- Teams: 8
- Premiers: Balmain (3rd title)
- Minor premiers: Balmain (3rd title)
- Matches played: 56
- Points scored: 1280
- Top points scorer: Charles Fraser (67)
- Wooden spoon: North Sydney (2nd spoon)
- Top try-scorer: Harold Horder (17)

= 1917 NSWRFL season =

Rugby league competition

The 1917 New South Wales Rugby Football League premiership was the tenth season of Sydney's professional rugby league football club competition, Australia's first. Eight teams from across the city contested during the season and Balmain finished on top of the ladder to claim the premiership.

==Season summary==
After nine seasons with only nineteen wins and two draws from 115 matches, Western Suburbs finally made a significant impact on the league, finishing a respectable third behind the traditionally strong sides of Balmain and South Sydney. Their advance was almost entirely due to centre Herb Gilbert, who moved from Easts, Hull F.C. and South Sydney to add skill and knowledge to team crying out for guidance, besides scoring nine of the team's thirty-four tries.

Balmain ultimately won their third consecutive premiership finishing eight points ahead of second placed South Sydney. The Balmain side only failed to win one of their games during the season against Newtown in round 8. In fourteen games Balmain’s secure defence allowed a mere 61 points and just nine tries to be scored against them, a statistic indicating their dominance and rivalled since only by St. George in 1963. Annandale managed to avoid bottom spot thanks to Glebe surrendering their two points to them following a 31–5 win for Glebe in round 8. The points were moved over to Annandale due to Glebe fielding Dan “Laddo” Davies - an ineligible player under the residential criteria of the time.

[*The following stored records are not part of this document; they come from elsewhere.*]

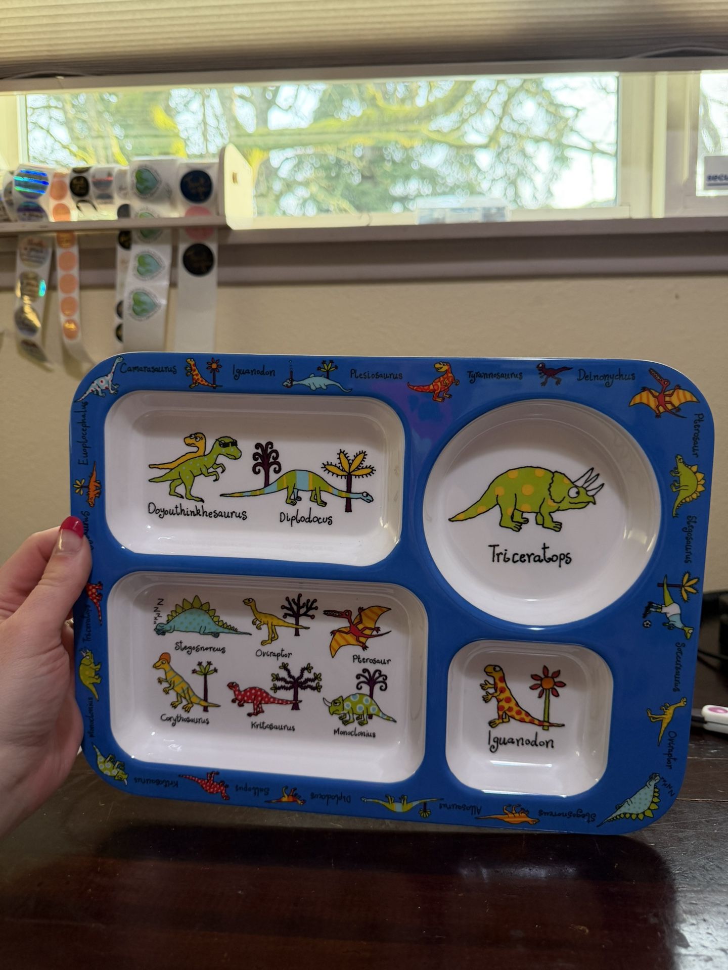 Dinosaur Children Boys Plate Melamine Serving Snack Food Blue Compartment Tray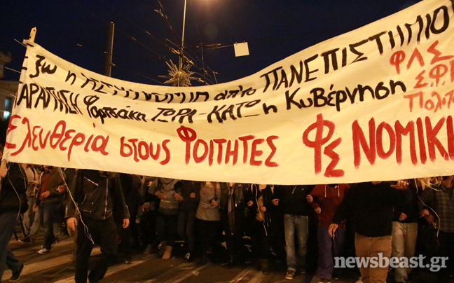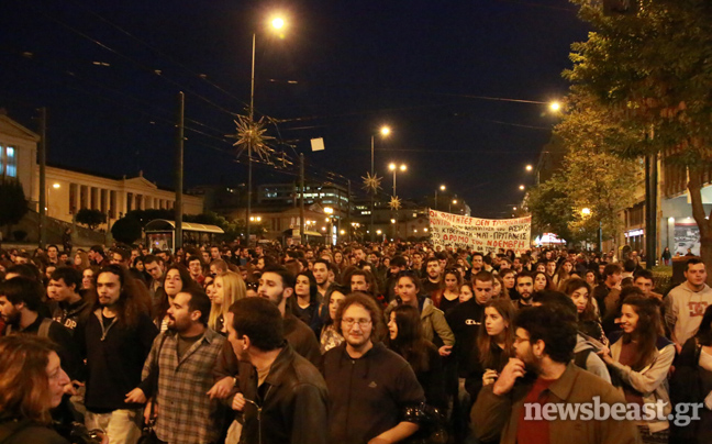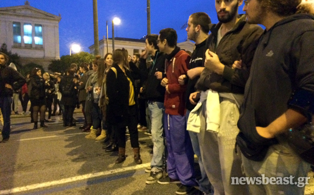 Κλειστή είναι αυτή την ώρα η Πανεπιστημίου από φοιτητές που ετοιμάζονται να πραγματοποιήσουν πορεία στο κέντρο της πρωτεύουσας, με κατεύθυνση την Ομόνοια και την πλατεία Συντάγματος, μετά τα επεισόδια που σημειώθηκαν το πρωί έξω από τη Νομική.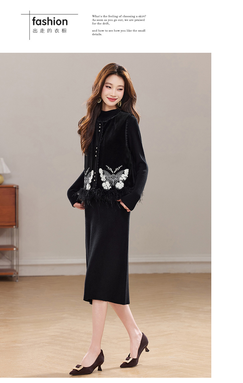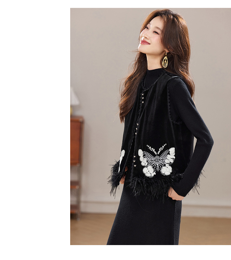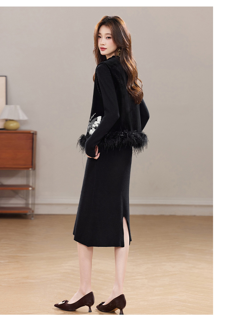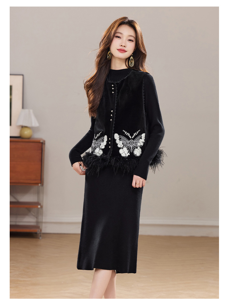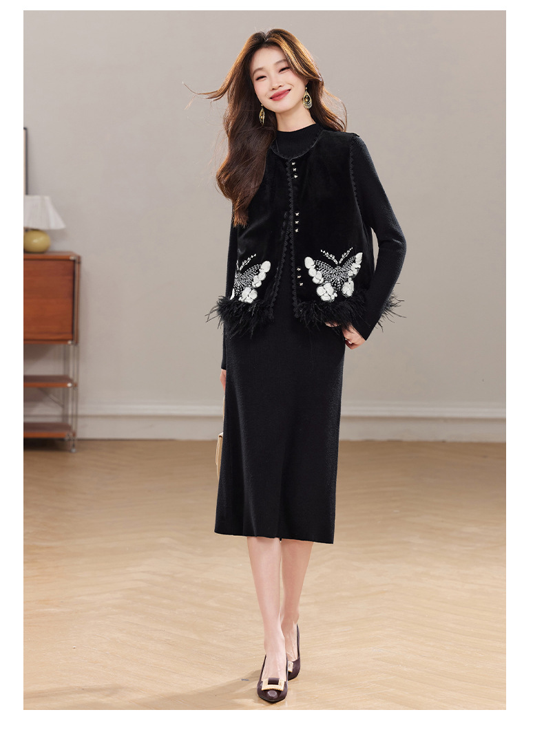 HR YBER629加棉新中式圆领真毛马甲洋气显瘦气质款两件套裙

As well as losing Davies, fourteen of Glebe’s first grade players were suspended for a year after the players boycotted a match against Balmain. The NSWRFL changed the venue of the game from the Sydney Cricket Ground to Birchgrove Oval in Balmain, drastically reducing spectator numbers and, in doing so, cutting Glebe's share of the big gate takings expected at the SCG. A team consisting of lower grade players was fielded and Glebe lost heavily, 40-9. The NSWRFL suspended all the footballers who refused to play, including Frank, Laidley and Albert Burge.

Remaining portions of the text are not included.